Mrs. Matthews had complained about everything. Sally closed her eyes remembering the rest of that horrible day. Mrs. Matthews had told her Derek married her by mistake and now he was dead, she wanted Sally and her brats to leave Rose Cottage. Sally refused, saying it was her home. Mrs. Matthews had turned purple with rage, slapped Sally across the face and told her to expect correspondence from her solicitor. Some letters had come but Sally had used them as fuel for a fire.

Derek tapped the table, the noise bringing Sally back to the present. “Derek, did you contact her?”

He shook his head.

“Derek, do you know about Roland?”

“Did he go west?”

“Derek, that’s a horrible thing to say. Roland died in the service of his country. Your mother thinks both her sons are dead.” Sally stood up. “I should send her a telegram or something.”

“Leave it. I’ll do it later. Sit down, woman.”
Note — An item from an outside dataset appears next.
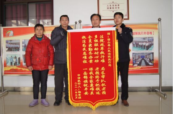 2018年1月9日,杨某及家人来到38365365备用网址执行局,送上一面印有“法院改革执行难,局长带队抓老赖;全员出勤齐办案,保我全家度难关”的锦旗,高度赞扬执行局高效执行办案,感谢执行团队尽心尽责为其将赔偿款执行到位。

She glared at him. But he put his heads in his arms and started to cry. Surprised, she stood looking at him for a few seconds before she flung her arms around him. She would have kneeled but for the glass on the floor. He gathered her to him and pulled her onto his knee.

“Oh, Sally love, I can’t believe I hurt you. I’m so sorry. I’d never hit you. You don’t deserve that. You’re what’s kept me alive. The thought of coming back to you, to this house. That’s what kept me sane, or at least as sane as you can be when you are a prisoner.”

Sally held onto him, his painfully-thin, skeletal form making her wonder just what he had experienced. They had seen pictures of the concentration camps and the mountains of bodies on Pathe News but she couldn’t remember seeing anything about the English prisoners of war.

“Why didn’t they tell me you were alive?” Sally hiccupped. “When I got that telegram, I thought I would die too.” But for the children, she might have but she had to behave like normal for their sake. They had been through so much already.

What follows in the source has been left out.